The entries below contain a line with "I always really" and a line with "Note the self". Quote exactly those two lines and all lines between them.

Segment Open

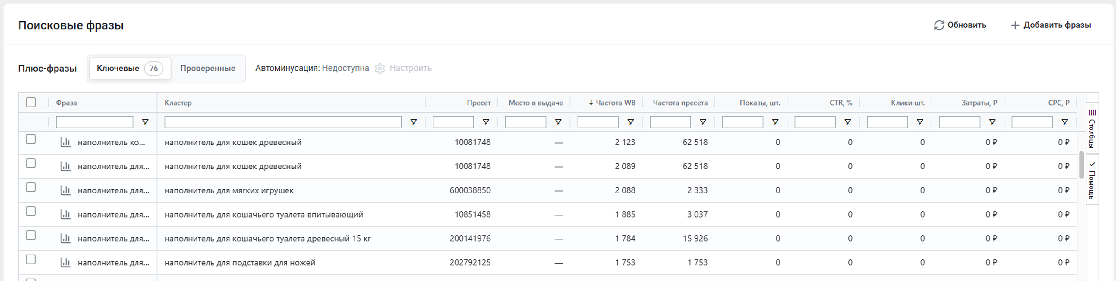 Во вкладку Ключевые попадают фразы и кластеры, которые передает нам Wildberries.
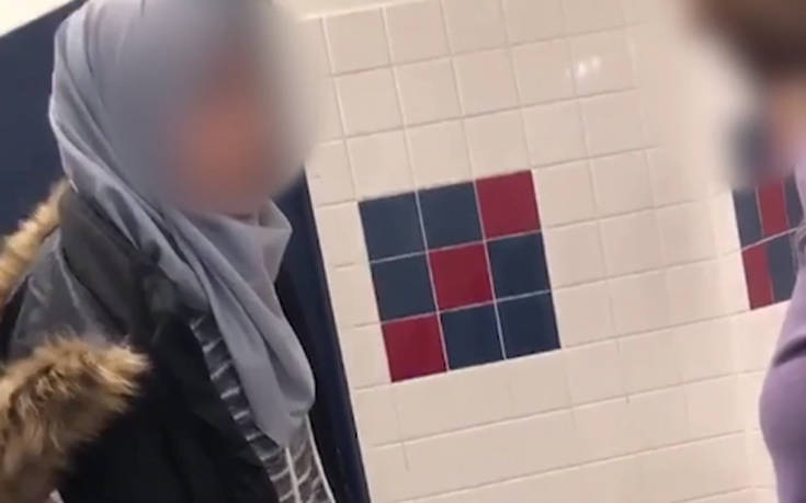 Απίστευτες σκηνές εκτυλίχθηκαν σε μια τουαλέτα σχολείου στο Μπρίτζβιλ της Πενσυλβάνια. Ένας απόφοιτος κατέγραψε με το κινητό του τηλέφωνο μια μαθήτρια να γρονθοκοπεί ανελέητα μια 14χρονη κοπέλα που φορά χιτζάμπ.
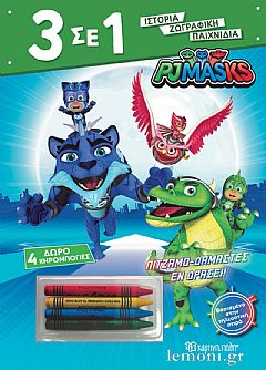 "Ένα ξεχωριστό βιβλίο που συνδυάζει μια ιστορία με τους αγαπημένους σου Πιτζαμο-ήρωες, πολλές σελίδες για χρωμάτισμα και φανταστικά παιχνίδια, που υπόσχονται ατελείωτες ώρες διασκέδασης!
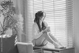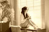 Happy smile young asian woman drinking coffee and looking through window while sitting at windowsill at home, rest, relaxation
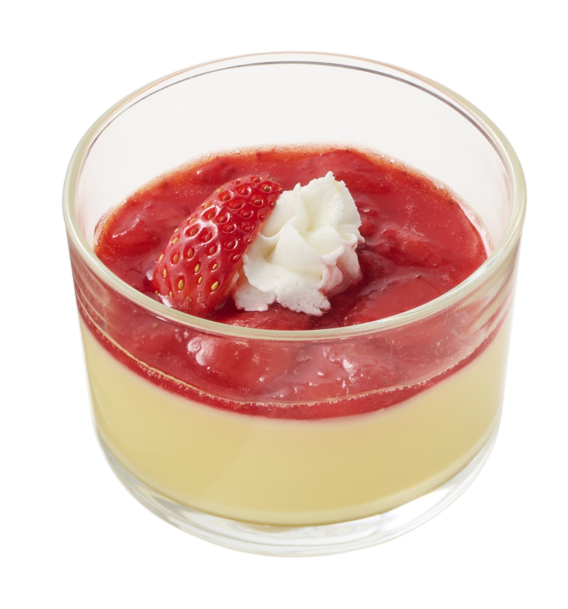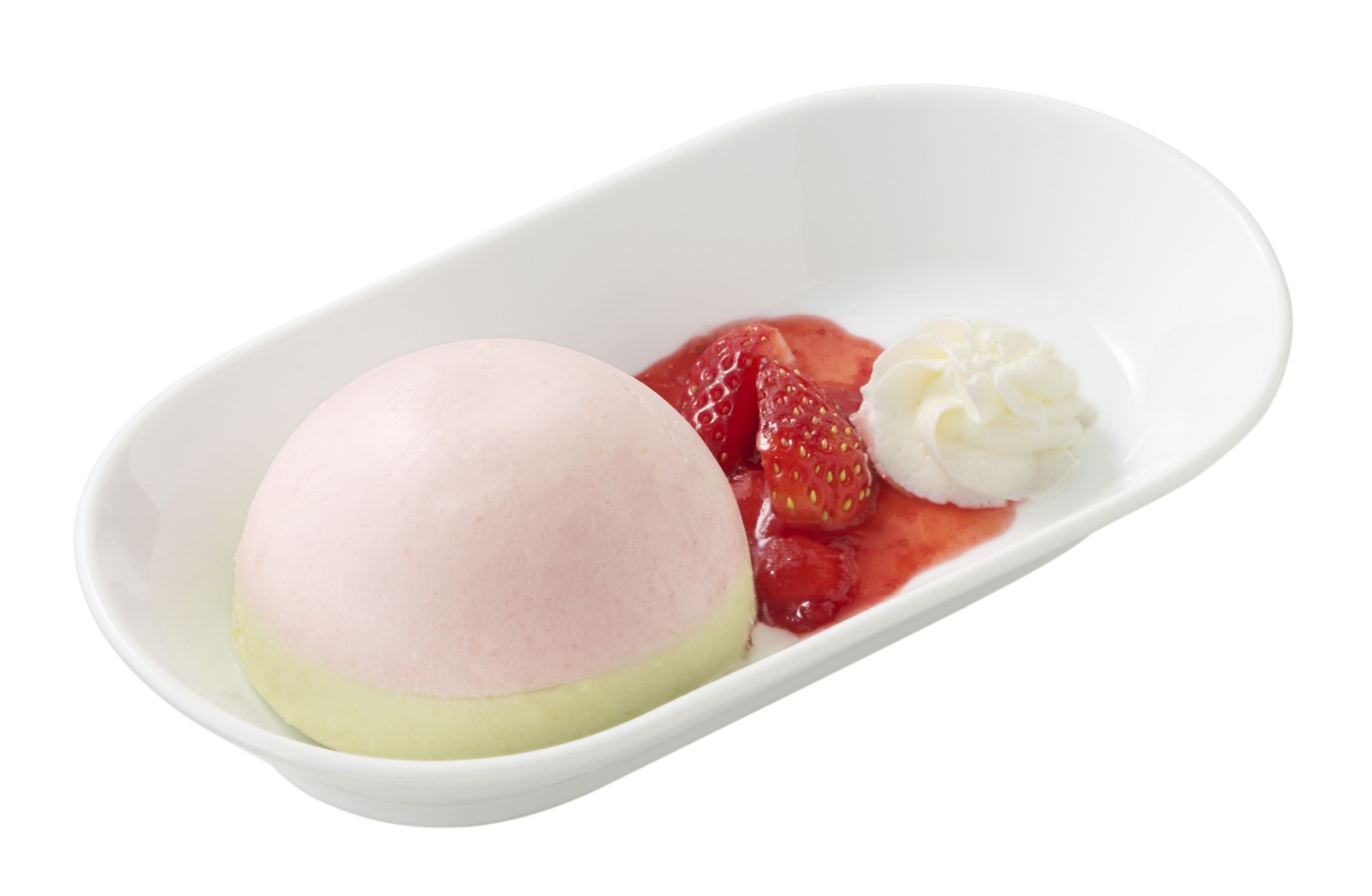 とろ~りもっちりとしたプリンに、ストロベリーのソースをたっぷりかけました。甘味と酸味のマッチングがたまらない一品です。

Segment Closed
Segment Open

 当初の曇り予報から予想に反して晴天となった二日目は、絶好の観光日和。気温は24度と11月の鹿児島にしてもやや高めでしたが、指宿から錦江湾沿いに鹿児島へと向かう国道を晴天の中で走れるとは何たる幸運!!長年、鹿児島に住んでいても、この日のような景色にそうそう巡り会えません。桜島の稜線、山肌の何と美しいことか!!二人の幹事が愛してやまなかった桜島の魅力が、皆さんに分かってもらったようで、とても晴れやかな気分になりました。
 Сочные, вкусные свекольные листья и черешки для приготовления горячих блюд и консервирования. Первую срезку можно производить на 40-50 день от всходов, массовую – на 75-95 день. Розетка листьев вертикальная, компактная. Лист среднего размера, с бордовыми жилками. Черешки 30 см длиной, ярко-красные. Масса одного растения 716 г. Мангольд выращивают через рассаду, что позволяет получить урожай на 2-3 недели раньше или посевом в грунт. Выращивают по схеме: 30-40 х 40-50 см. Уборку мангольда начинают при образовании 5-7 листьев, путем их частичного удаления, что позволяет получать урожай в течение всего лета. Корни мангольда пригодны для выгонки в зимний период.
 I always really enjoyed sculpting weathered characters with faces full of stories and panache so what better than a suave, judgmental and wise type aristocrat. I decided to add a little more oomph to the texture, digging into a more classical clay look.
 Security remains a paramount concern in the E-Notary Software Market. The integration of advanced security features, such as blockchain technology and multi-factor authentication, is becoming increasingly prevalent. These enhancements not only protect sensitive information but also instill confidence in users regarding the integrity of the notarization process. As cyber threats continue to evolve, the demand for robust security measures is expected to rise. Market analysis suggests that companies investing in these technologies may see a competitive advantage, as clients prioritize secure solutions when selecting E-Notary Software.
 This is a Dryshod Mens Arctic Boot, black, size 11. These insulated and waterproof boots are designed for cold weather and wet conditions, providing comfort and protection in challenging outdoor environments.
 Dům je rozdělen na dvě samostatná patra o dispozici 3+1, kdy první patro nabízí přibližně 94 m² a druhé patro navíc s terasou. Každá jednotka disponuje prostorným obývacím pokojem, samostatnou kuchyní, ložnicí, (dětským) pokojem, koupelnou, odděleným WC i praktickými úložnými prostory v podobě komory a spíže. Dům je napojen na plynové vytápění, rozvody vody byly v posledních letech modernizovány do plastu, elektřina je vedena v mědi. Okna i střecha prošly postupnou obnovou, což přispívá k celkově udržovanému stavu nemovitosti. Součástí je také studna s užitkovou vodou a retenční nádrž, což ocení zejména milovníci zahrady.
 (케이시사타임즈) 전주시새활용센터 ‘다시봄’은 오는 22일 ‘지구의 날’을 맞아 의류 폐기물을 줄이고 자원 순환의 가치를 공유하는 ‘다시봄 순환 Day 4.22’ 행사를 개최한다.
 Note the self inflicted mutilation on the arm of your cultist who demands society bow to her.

Segment Closed
Segment Open

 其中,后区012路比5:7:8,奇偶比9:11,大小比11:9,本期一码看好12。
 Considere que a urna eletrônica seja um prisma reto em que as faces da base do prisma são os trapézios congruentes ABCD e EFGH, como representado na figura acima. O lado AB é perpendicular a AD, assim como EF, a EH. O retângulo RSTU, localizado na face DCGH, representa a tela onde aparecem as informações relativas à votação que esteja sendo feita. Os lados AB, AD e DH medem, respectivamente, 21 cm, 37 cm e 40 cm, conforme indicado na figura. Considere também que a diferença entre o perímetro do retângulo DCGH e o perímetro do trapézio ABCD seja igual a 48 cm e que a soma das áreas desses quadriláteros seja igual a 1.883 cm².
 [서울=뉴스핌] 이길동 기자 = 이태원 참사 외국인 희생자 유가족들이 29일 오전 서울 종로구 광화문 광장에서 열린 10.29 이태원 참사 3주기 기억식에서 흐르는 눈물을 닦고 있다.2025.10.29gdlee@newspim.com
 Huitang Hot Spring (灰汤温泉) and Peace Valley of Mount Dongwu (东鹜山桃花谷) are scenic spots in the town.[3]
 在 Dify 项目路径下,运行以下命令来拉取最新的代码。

Segment Closed

Task result ->
 I always really enjoyed sculpting weathered characters with faces full of stories and panache so what better than a suave, judgmental and wise type aristocrat. I decided to add a little more oomph to the texture, digging into a more classical clay look.
 Security remains a paramount concern in the E-Notary Software Market. The integration of advanced security features, such as blockchain technology and multi-factor authentication, is becoming increasingly prevalent. These enhancements not only protect sensitive information but also instill confidence in users regarding the integrity of the notarization process. As cyber threats continue to evolve, the demand for robust security measures is expected to rise. Market analysis suggests that companies investing in these technologies may see a competitive advantage, as clients prioritize secure solutions when selecting E-Notary Software.
 This is a Dryshod Mens Arctic Boot, black, size 11. These insulated and waterproof boots are designed for cold weather and wet conditions, providing comfort and protection in challenging outdoor environments.
 Dům je rozdělen na dvě samostatná patra o dispozici 3+1, kdy první patro nabízí přibližně 94 m² a druhé patro navíc s terasou. Každá jednotka disponuje prostorným obývacím pokojem, samostatnou kuchyní, ložnicí, (dětským) pokojem, koupelnou, odděleným WC i praktickými úložnými prostory v podobě komory a spíže. Dům je napojen na plynové vytápění, rozvody vody byly v posledních letech modernizovány do plastu, elektřina je vedena v mědi. Okna i střecha prošly postupnou obnovou, což přispívá k celkově udržovanému stavu nemovitosti. Součástí je také studna s užitkovou vodou a retenční nádrž, což ocení zejména milovníci zahrady.
 (케이시사타임즈) 전주시새활용센터 ‘다시봄’은 오는 22일 ‘지구의 날’을 맞아 의류 폐기물을 줄이고 자원 순환의 가치를 공유하는 ‘다시봄 순환 Day 4.22’ 행사를 개최한다.
 Note the self inflicted mutilation on the arm of your cultist who demands society bow to her.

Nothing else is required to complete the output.